Enli Wang1, Erik van Oosterom2, Holger Meinke1, Senthold Asseng3, Michael Robertson2, Neil Huth2, Brian Keating2, Merv Probert2

1Department of Primary Industries / APSRU PO Box 102, Toowoomba, QLD 4350, Australia www.apsru.gov.au Enli.Wang@csiro.au
2
CSIRO Sustainable Ecosystems / APSRU, 120 Meiers Rd., Indooroopilly, QLD 4068, Australia www.apsru.gov.au Michael.Robertson@csiro.au
3
CSIRO Plant Industry, Private Bag 5, PO Wembley WA 6913, Australia Senthold.Asseng@csiro.au

Abstract

APSIM-Wheat combines modelling approaches from two previous Nwheat and I_wheat models and some new approaches. It has a modular structure with externalised model constants/parameters. It performed well in three locations in Queensland for simulation of biomass (RMSD=162g/m2) and yield (RMSD=74g/m2) with R2>0.80 and nitrogen uptake (R2>0.75,RMSD=2.0g/m2), and also explained 66% of the variation in both biomass and yield at four locations in WA.

Key Words

APSIM-Wheat, generic crop template, wheat growth, nitrogen uptake, modelling

Introduction

APSIM is able to simulate growth and development of more than 20 crops. Two wheat modules existed in APSIM: Nwheat, a derivative of CERES-Wheat (6), and I_wheat (3). Increasing need for scientific transparency of crop models had led to the development of a generic crop template in APSIM (7). Based on this generic approach, we extracted the modelling approaches from Nwheat and I_wheat, and combined them with some new approaches to create a new APSIM-Wheat module and to share the common code with other cereal crop modules in APSIM for easy maintenance. Here we present the performance of APSIM-Wheat and discuss future improvements.

Methods

APSIM-Wheat has the same generic structure as other cereal crop modules in APSIM and uses a parameter file (WHEAT.INI) for wheat crop, in which all the species-specific constants and cultivar parameters are stored for easy modification. Sharing common process approaches (eg, water/N uptake etc) with other crops enables APSIM-Wheat to inherit improvements made elsewhere in APSIM crop template. The modular structure allows easy improvement at process level.

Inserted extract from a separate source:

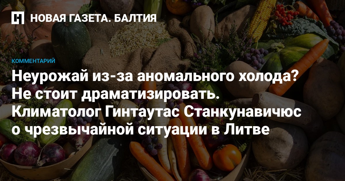 Погода продолжает выкидывать коленца: после аномальных холодов зарядили дожди. Между тем, последствия экстремальных метеоусловий уже наступили. По некоторым оценкам, в отдельных регионах Литвы погибло до 50-90% урожая, в других — до 100% ягод и фруктов. Правительство объявило чрезвычайную ситуацию. Что это означает и как отразится на обычных людях, «Новая газета.Балтия» обсудила с климатологом Гинтаутасом Станкунавичюсом.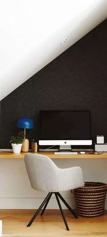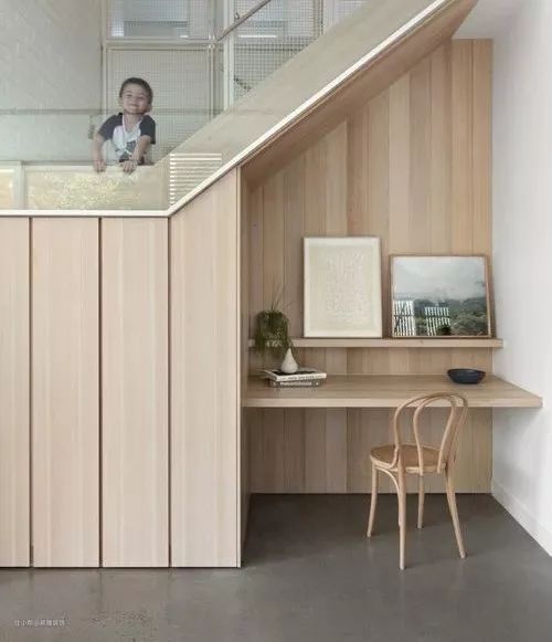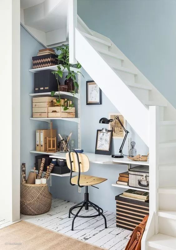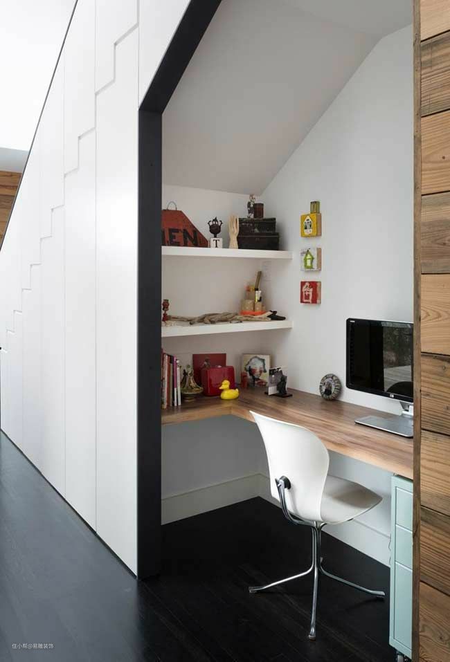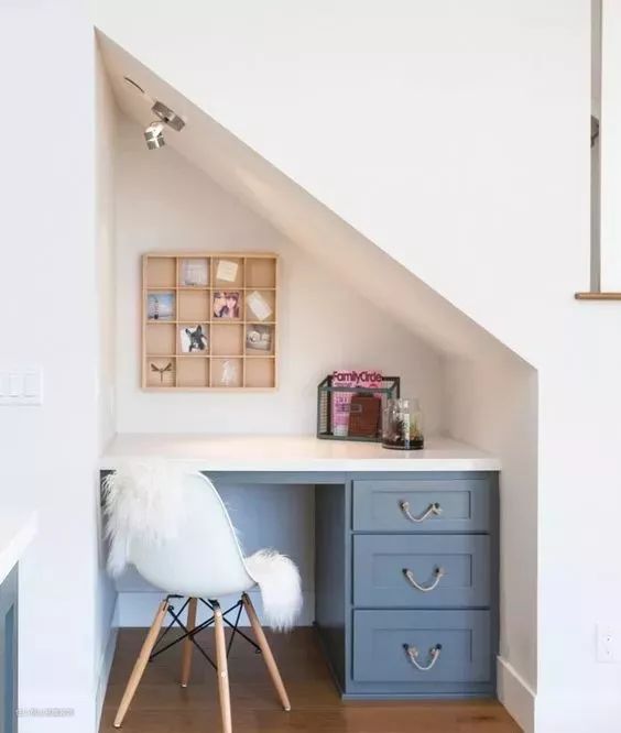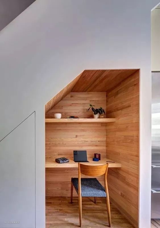 根据楼梯下方的斜角造型,为家里打造一个精致的小型书房,也不失为一个很好的创意。

Detailed description of crop template, Nwheat and I_wheat can be found in references (7), (2) and (3) respectively. The default configuration uses water/N uptake subroutines from the crop process library and some newly modified approaches. These new approaches include: (a) Response of RUE and leaf critical nitrogen concentration to CO2 level (4). (b) Stage dependent root/shoot ratio. (c) New biomass partitioning rules - leaf fraction 65% (new biomass) till terminal spikelet then linearly decrease to 0.0 at flag leaf. (d) Grain number is determined by stem biomass accumulation from flag leaf to start of grain filling. (e) Tillering is simulated as one tiller per phyllochron after 2.5 main stem leaves and is reduced by stress. (f) Potential leaf area growth is simulated using a modified I_wheat approach - leaf area on each stem is a function of thermal time since its emergence.

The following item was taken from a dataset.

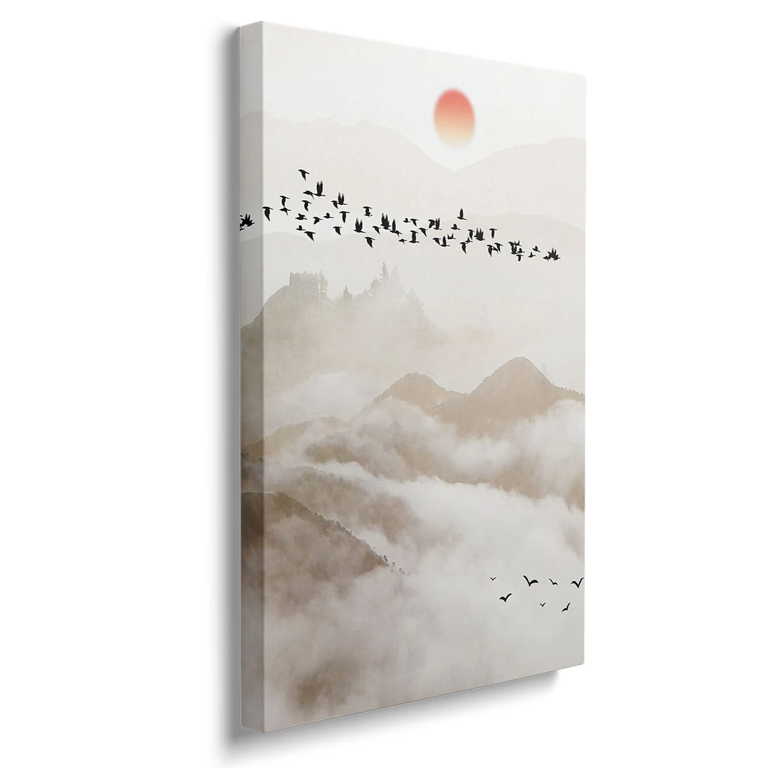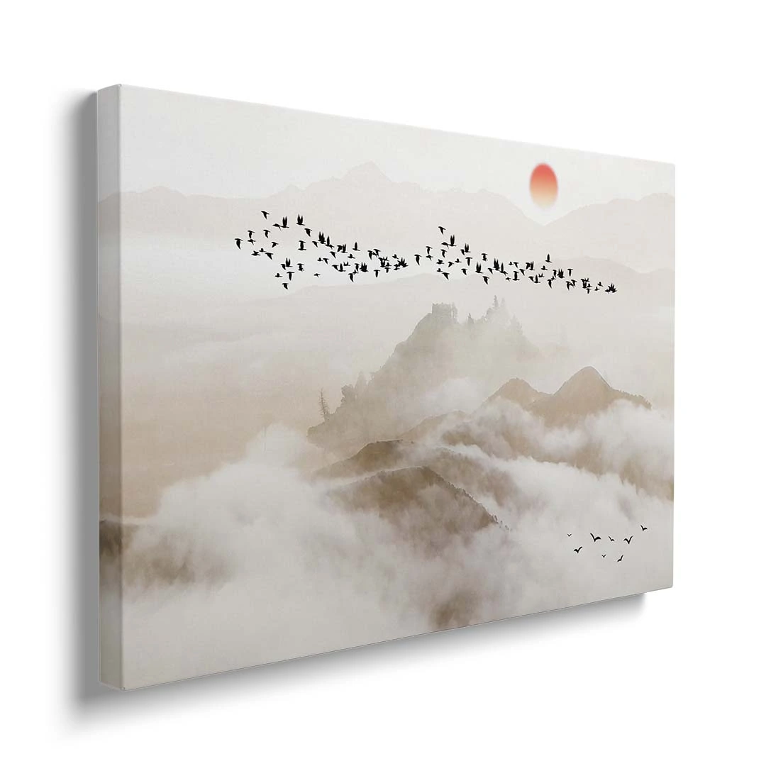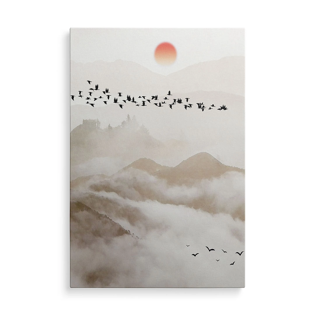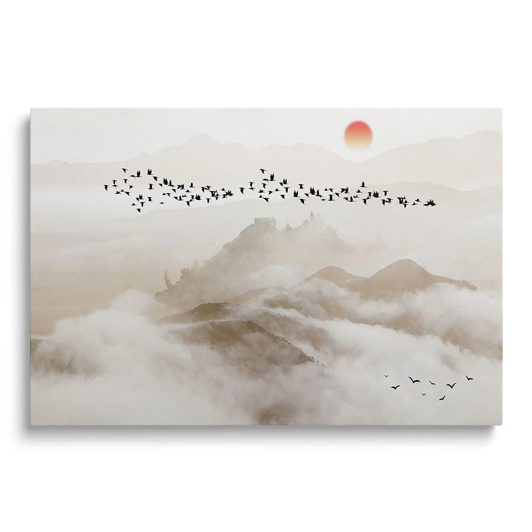 Obraz na płótnie - Pejzaż górski w odcieniach beżu z mgłą i ptakami

APSIM-Wheat was validated against experimental data from Queensland and Western Australia. The Queensland datasets cover three locations, four experiments with 4 N treatments, some with water treatments or residue treatments, and one soil fertility experiment covering 8 years from 1987-1995 (2). The WA datasets cover 4 locations, 4 soil types, 5 cultivars and several years (1).

Results

The model explained >80% of the variation in maximum LAI, total biomass (RMSD=161.8g/m2), grain yield (RMSD=161.8g/m2) and grain number, 79% of the variation in total N uptake (RMSD=2.0g/m2) and 75% of the variation in grain nitrogen content (RMSD=1.8g/m2) compared with the experimental data in Queensland (Fig.1). Grain protein level is also reasonably predicted with a R2=0.58 and RMSD=1.9%. The performance of the model with the WA datasets is not as good as with the Queensland data. However, it explained more than 65% of the variation in biomass and grain yield and more than 83% of the variation in total N uptake (although only a few data points available).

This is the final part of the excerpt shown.